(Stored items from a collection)

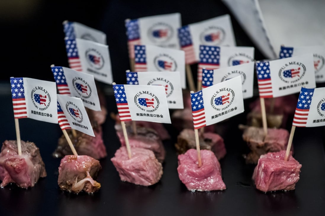 US flags and branding are seen on samples of America beef in Beijing. Photo: AFP
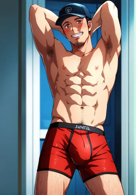 학습에 사용된 다른 태그: 남성 중심, 1남자, 혼자, 미소, 단순한 배경, 배꼽, 근육질, 웃음, 얼굴 붉힘, 보석, 목걸이, 흰색 배경, 한쪽 눈 감음, 허벅지, 근육질 남성, 바라, 시청자 바라보기
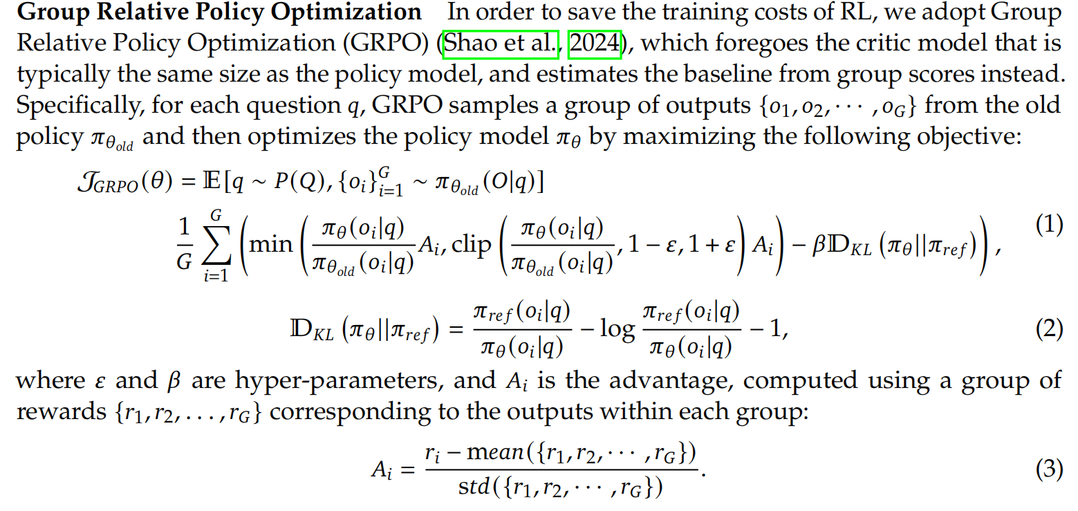 - 那么问题来了:既然没有value model,怎么评价action的好坏了?这里用了advantage计算value,也就是当前action的reward和mean相比,谁更大;如果大于mean,就是好的action,这种action就要鼓励policy model往这些超过均值的action靠拢!!因为有了output score的计算公式,所以不再需要value model了!也即是说下面的Ai公式替代了value model!GRPO主要的创新之一:每次生成多个output,用规则计算每个output的reward,然后往高reward的方向演进(像不像生物基因突变后的进化啊)!
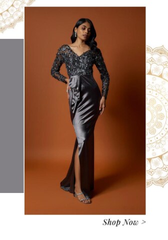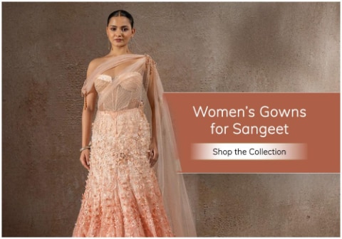 - Styles: This is the perfect occasion for dramatic silhouettes. Look for women gowns for sangeet with flair, like a mermaid cut or a ball gown skirt. An off shoulder or one shoulder neckline adds a contemporary edge.
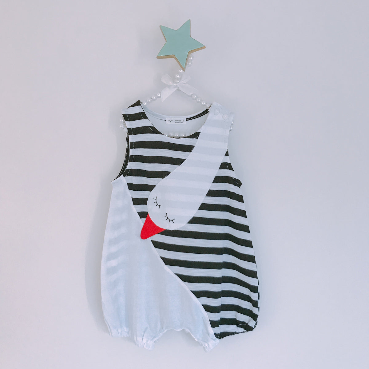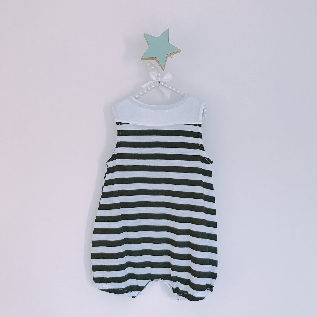 블랙 & 화이트 그리드 스트라이프 버블 롬퍼
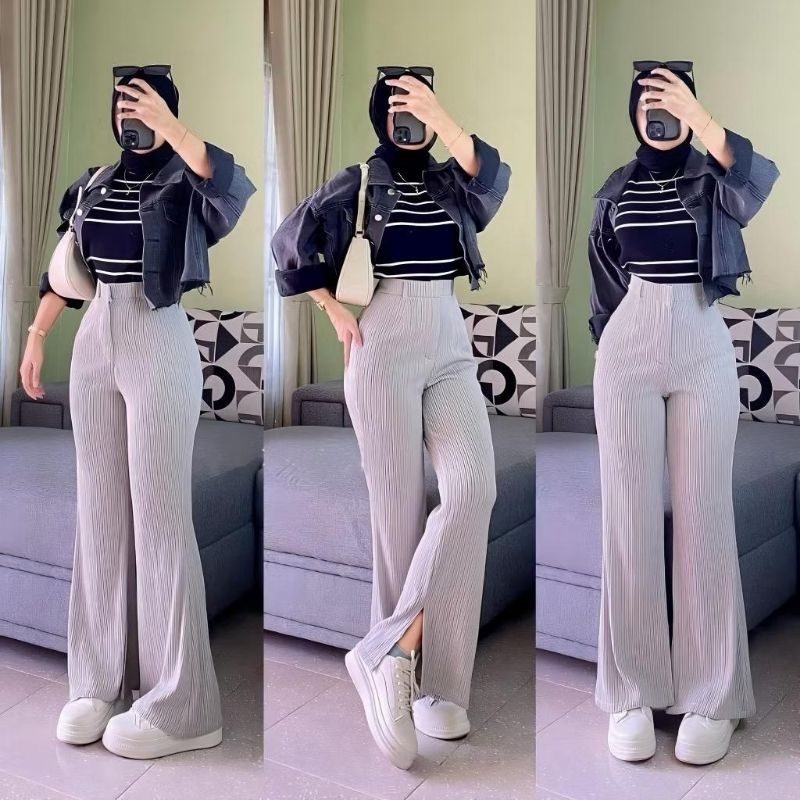 Celana Knit Cutbray Wanita Highwaist Celana Kulot Premium Belah Samping
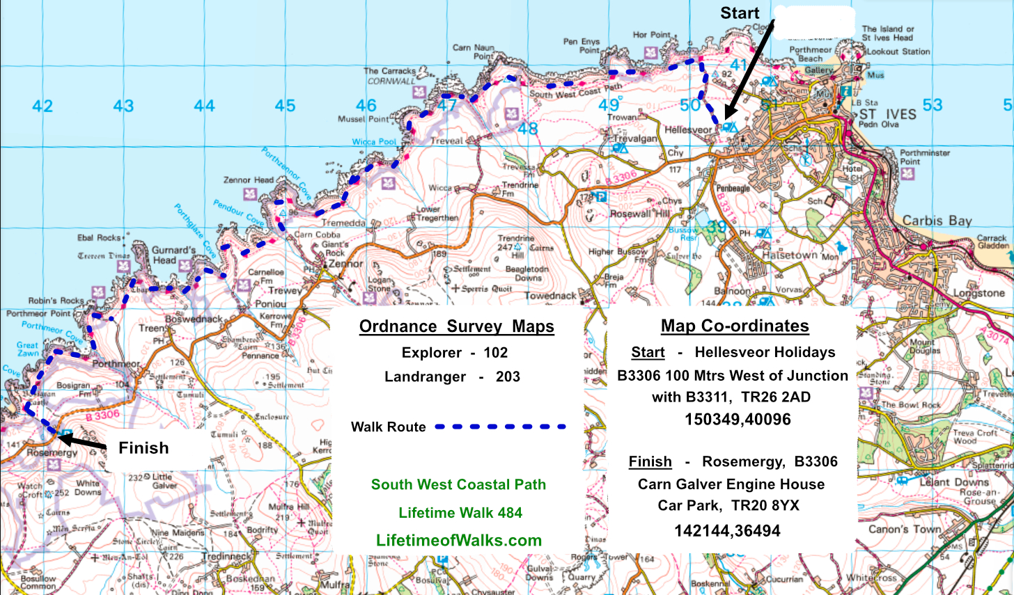 Start: St Ives, - Hellesveor Holidays, B3306, TR26 2AD Finish: Rosemary, - B3306, Carn Galver Engine House Car Park, TR20 8YX Click here for: Next Walk on the SWCP and Previous LEJOG - Walk 485 Next Walk on the LEJOG and Previous SWCP - Walk 483 Return to 'Lifetime of Walks' Homepage Return to South West Coastal Path Homepage Return to Land End to John O'Groats Homepage | |||||||
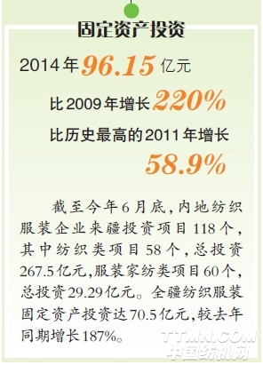 2014年7月,新疆部署发展纺织服装产业带动就业工作。新疆计划通过发展纺织服装产业力争到2023年解决100万人就业。
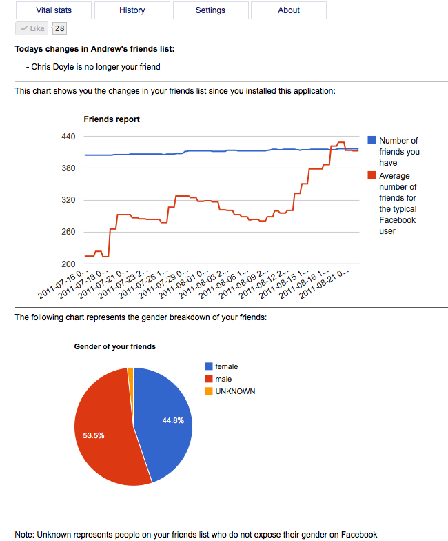 The new app is more analytics-focused, plotting things like the number of friends you have versus the average number of friends for the typical Facebook user, breakdowns of friends by gender and, soon, a map showing where your friends live. This is in addition to the above-mentioned tracked items, like the blocks, deactivations and name changes.
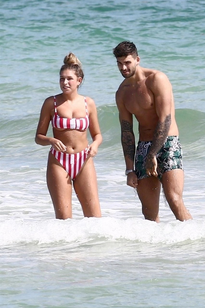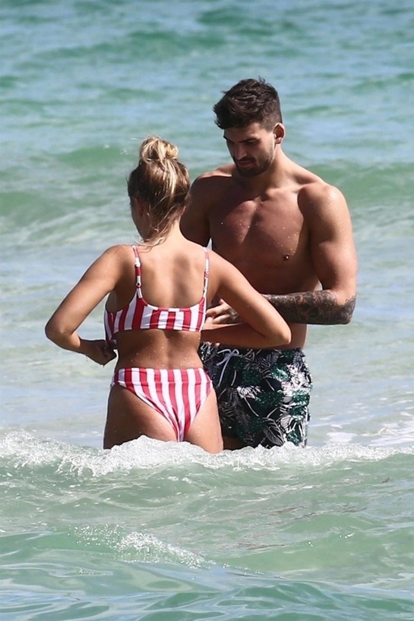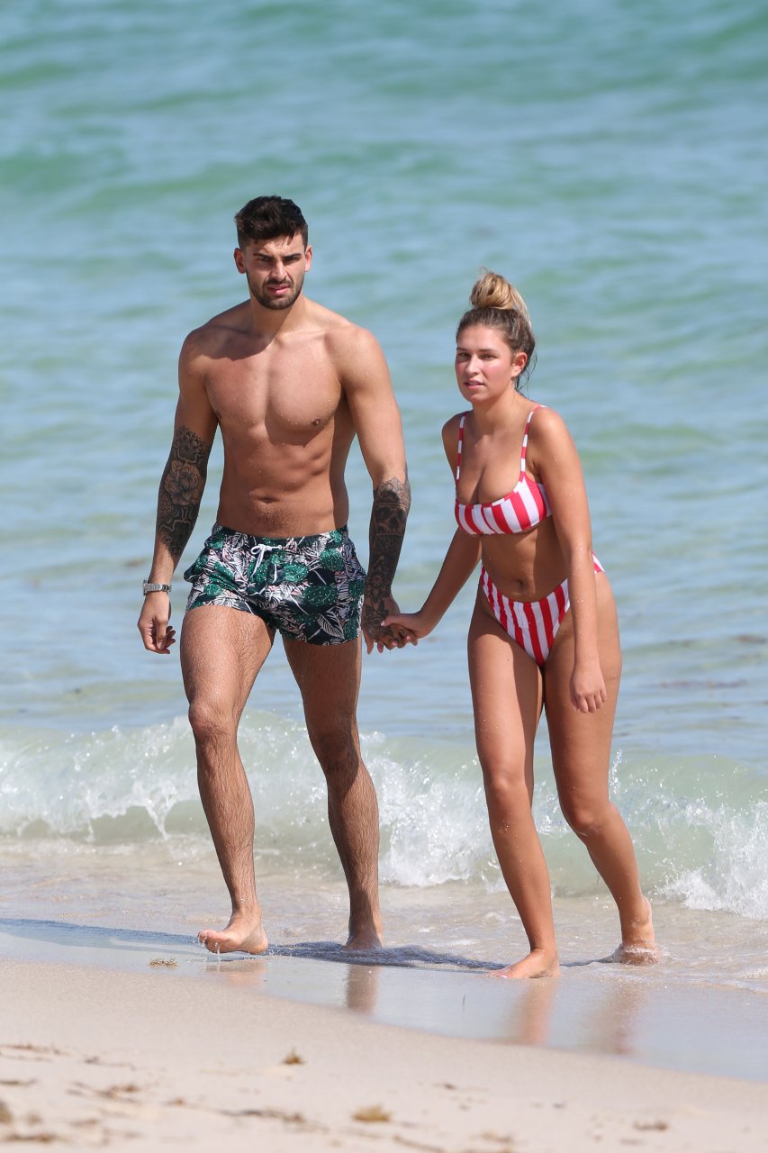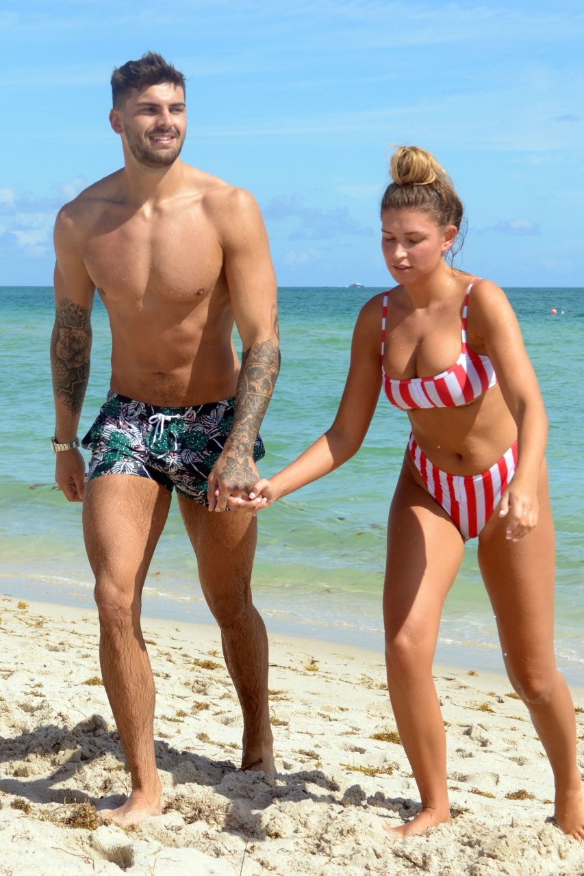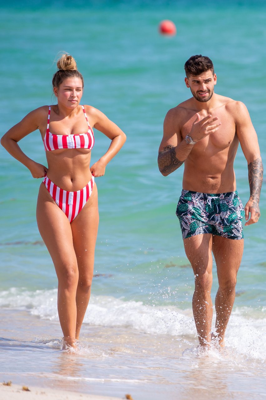 Zara impressionou Adam com uma viagem de aniversário para Miami e as Bahamas e hoje foi a primeira manhã deles ao sol. O casal de reality show que se conheceu no programa de sucesso parecia tão apaixonado como sempre enquanto demonstravam afeto público ao se refrescarem no oceano. Zara exibiu um underboob acentuado em um biquíni muito justo listrado vermelho e branco.

- _Exercise directions_: The entries above need to be printed again exactly; please exclude all pictures.

- _Exercise answer_:
 US flags and branding are seen on samples of America beef in Beijing. Photo: AFP
 학습에 사용된 다른 태그: 남성 중심, 1남자, 혼자, 미소, 단순한 배경, 배꼽, 근육질, 웃음, 얼굴 붉힘, 보석, 목걸이, 흰색 배경, 한쪽 눈 감음, 허벅지, 근육질 남성, 바라, 시청자 바라보기
 - 那么问题来了:既然没有value model,怎么评价action的好坏了?这里用了advantage计算value,也就是当前action的reward和mean相比,谁更大;如果大于mean,就是好的action,这种action就要鼓励policy model往这些超过均值的action靠拢!!因为有了output score的计算公式,所以不再需要value model了!也即是说下面的Ai公式替代了value model!GRPO主要的创新之一:每次生成多个output,用规则计算每个output的reward,然后往高reward的方向演进(像不像生物基因突变后的进化啊)!
 - Styles: This is the perfect occasion for dramatic silhouettes. Look for women gowns for sangeet with flair, like a mermaid cut or a ball gown skirt. An off shoulder or one shoulder neckline adds a contemporary edge.
 블랙 & 화이트 그리드 스트라이프 버블 롬퍼
 Celana Knit Cutbray Wanita Highwaist Celana Kulot Premium Belah Samping
 Start: St Ives, - Hellesveor Holidays, B3306, TR26 2AD Finish: Rosemary, - B3306, Carn Galver Engine House Car Park, TR20 8YX Click here for: Next Walk on the SWCP and Previous LEJOG - Walk 485 Next Walk on the LEJOG and Previous SWCP - Walk 483 Return to 'Lifetime of Walks' Homepage Return to South West Coastal Path Homepage Return to Land End to John O'Groats Homepage | |||||||
 2014年7月,新疆部署发展纺织服装产业带动就业工作。新疆计划通过发展纺织服装产业力争到2023年解决100万人就业。
 The new app is more analytics-focused, plotting things like the number of friends you have versus the average number of friends for the typical Facebook user, breakdowns of friends by gender and, soon, a map showing where your friends live. This is in addition to the above-mentioned tracked items, like the blocks, deactivations and name changes.
 Zara impressionou Adam com uma viagem de aniversário para Miami e as Bahamas e hoje foi a primeira manhã deles ao sol. O casal de reality show que se conheceu no programa de sucesso parecia tão apaixonado como sempre enquanto demonstravam afeto público ao se refrescarem no oceano. Zara exibiu um underboob acentuado em um biquíni muito justo listrado vermelho e branco.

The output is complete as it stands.